For the entries presented below, indicate the number of lines that include the word "enough", adding nothing else.

==== Supplied records

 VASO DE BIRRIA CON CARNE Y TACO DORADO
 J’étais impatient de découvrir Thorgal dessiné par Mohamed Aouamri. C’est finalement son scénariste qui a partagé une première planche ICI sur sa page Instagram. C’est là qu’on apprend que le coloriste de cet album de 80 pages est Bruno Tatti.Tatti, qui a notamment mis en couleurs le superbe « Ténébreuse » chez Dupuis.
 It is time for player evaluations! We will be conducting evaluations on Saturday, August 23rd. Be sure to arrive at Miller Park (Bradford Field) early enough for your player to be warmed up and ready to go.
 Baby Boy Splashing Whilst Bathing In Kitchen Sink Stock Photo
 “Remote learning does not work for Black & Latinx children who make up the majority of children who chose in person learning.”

========
==== Supplied records

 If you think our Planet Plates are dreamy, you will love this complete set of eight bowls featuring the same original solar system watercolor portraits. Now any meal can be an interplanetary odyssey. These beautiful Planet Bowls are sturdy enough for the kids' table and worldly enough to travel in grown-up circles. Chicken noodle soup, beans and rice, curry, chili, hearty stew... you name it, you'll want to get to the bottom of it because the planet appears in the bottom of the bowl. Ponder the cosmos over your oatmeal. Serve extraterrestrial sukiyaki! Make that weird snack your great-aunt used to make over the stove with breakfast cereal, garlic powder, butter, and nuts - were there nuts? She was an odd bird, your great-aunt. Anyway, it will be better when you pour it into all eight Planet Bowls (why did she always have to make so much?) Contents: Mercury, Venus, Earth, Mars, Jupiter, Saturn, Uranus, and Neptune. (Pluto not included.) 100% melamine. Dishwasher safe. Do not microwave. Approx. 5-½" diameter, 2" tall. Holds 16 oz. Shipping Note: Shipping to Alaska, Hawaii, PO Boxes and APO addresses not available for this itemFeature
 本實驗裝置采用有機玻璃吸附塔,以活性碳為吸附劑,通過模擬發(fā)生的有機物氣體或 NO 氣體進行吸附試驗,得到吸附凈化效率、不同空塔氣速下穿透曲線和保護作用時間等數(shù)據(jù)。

========

- _Written response_
2